Bir takım düşünceler + déclencheur

Hamburg'da yine soğuk bir sabahın odama terbiyesizce soktuğu soğuk gölgeleriyle uyanıyorum. Hafif bir baş ağrısı, kalkma isteği, kalkamama. Miskinmek kelimesinin anlam kazandığı bu naif sabahların (hele ki okulda ya da işte yapacak pek bir şey yoksa) en güzel uğraşı Matildamsı tavırlarla pencerenin kenarına oturmak dışarıyı seyretmek ya da seyretmemek, triplere girmek.

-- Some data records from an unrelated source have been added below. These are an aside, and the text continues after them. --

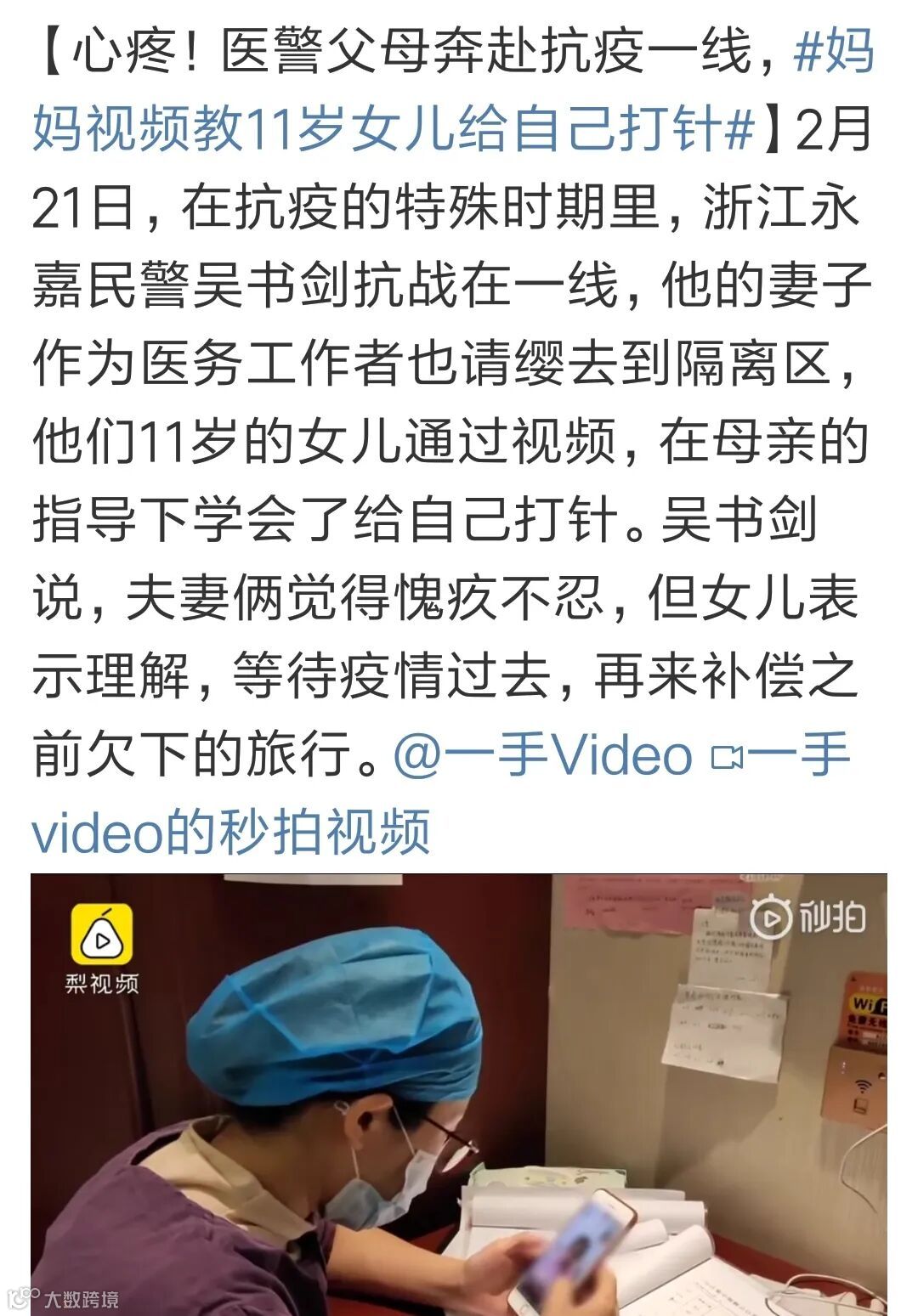 浙江永嘉一对儿夫妻都奋斗在抗疫一线,11岁的女儿由于患病因素需要每天打生长激素,孩子通过与母亲视频,在母亲的指导下学会了给自己打针。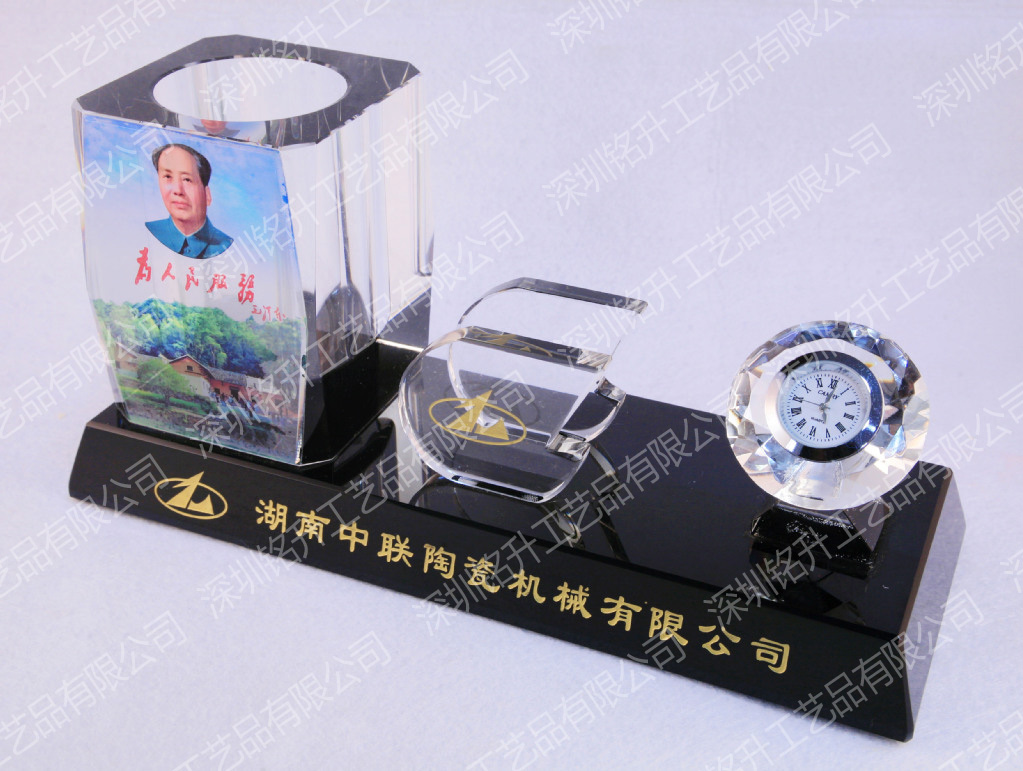 校园征赛纪念礼品 水晶笔筒摆台定制价格 文艺活动纪念品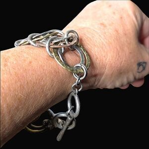 Mixed Metals Brass, Silver, Copper Ring Toggle Clasp Bracelet size L

Hava puslu, kapalı, ıslak. Bünyede siyah beyaz fotoğraf çekme isteği var. Zira öyle de yapıyorum, fotoğraf makinemi alıyorum dışarıya sarkıyor fotoğraf çekiyorum. Fena olmuyor. Bu amaçsız fotoğraf çekme düşüncesi geçenlerde geldi aklıma. Sürekli içinde bulunduğum çevreye, kullandığım eşyalara, gördüğüm insanlara daha yakından bakma isteği gibi bir şey. Evet son derece kolpa düşünceler içerisinde bir Aralık ayı yaşıyorum. Nedendir beybi diyorum kendime? Nedeni basit: Erken menopoza giriyorsun diyor iç ses (Garip bir şey: Her gün farklı bir iç sese sahibim. Bugünkü Chuck Palahniuk'un)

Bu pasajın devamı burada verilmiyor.